Even accepting the copying-as-theft framing, if I go to a village, steal some vegetables from everyone's gardens and ham from their sheds, and then add some prohibitively expensive spices I bought myself to make soup, do I get to claim it as mine and punish the villagers for trying to take it?
Great way to launder illegally obtained data too.
Does this private data come from places like Reddit, Twitter, etc., where it’s contributed by users? I think it is unethical for these companies to accept payment for user-contributed data.
Okay that's fine, then make the law say they must provide publicly owned models off of publicly obtained data. To think that such a baseline of critical information isn't is the literal foundation of everything they will do, both now in the future, is just exposing what their end game is: control.
There no reason to not to otherwise outside of the poor little billion dollar corporations not wanting to provide a public utility they stolen from the public.
Anything that removes control from American big tech is a good thing for American citizens and the world writ large.
No, you're talking about fine tuning and most of it is coming from your customers or someone else's. Get off ya high horse.

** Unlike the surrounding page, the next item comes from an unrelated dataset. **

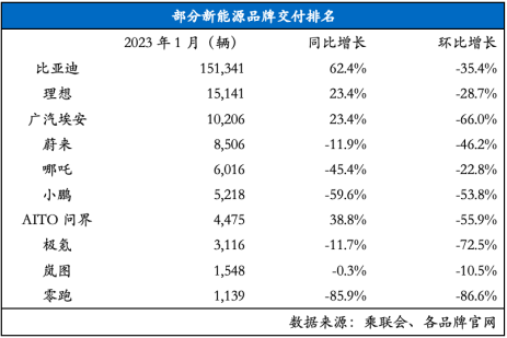 根據乘聯會統計,2023年1月乘用車市場零售達到129.3萬輛,同比下降37.9%,環比下降40.4%,無論同比增速還是環比增速都是本世紀以來的1月最低數據,車市沒有實現1月開門紅,這是符合預期的合理走勢。隨著國際油價下降國內油價進入調整通道、部分新能源車企順應降價/提升用戶權益趨勢、加大終端促銷等舉措均有利于車市回暖。但由于今年春節是本世紀最早的關系,產銷環節工作日同步減少,銷量潛力未得到充足釋放。1月廠商批發銷量144.9萬輛,同比下降32.9%,環比下降34.8%。受新能源市場拉動的影響,部分車企表現分化明顯。1月自主車企批發75.8萬輛,同比下降22%,環比下降41%。主流合資車企批發46.1萬輛,同比下降47%,環比下降32%。豪華車批發23萬輛,同比下降26%,環比下降14%。

Copyright needs abolishing.
Companies can't be trusted with societies need for open progress.
The frontier labs are not "fine-tuning", they're doing massive scale RL post-training
I'm not taking sides here but this situation is not so black and white and it has always been the darker side of capitalism.
The concept of Intellectual property exists not because it's fair but because it creates incentive to make said "intellectual property" exist. If intellectual property can be instantly copied by a competitor... why would I spend a dime to even create such a thing? I want to profit off of what I make because I'm a capitalist and money is what drives me (as a capitalist).
Anthropic models wouldn't exist if they couldn't keep a unholy grip on it. Same with openAI. Same with many life saving drugs.
Of course everyone here is talking about the obvious stuff like how it's morally wrong to with-hold life saving drugs or to have AI literally take over the world and be under the control of one company and all of this is true. But it is also true that greed is the engine that drives our economy and if you want our economy to produce "intellectual property" you must allow people to "capitalize" on that greed.
There are two controversial issues here. What is moral/fair? And what is realistically practical in optimizing the economy if said economy is based on money.
The distillation in my mind is a win for practicality because Competition also drives our economic engine. First you don't want a monopoly, but you also don't want these models to be so damn open that there's zero incentive to make them.
That intellectual property argument goes both ways. The model might not exist without protection, but it also would not exist without the data.
This perfectly explains why current LLMs should be illegal in an actual capitalist market.
Why should anyone publish anything if it can be stolen with impunity? Is the value of these LLMs even remotely close to the amount of value they stole and the amount of value they will detract from economy because people will be more hesitant to publish anything now?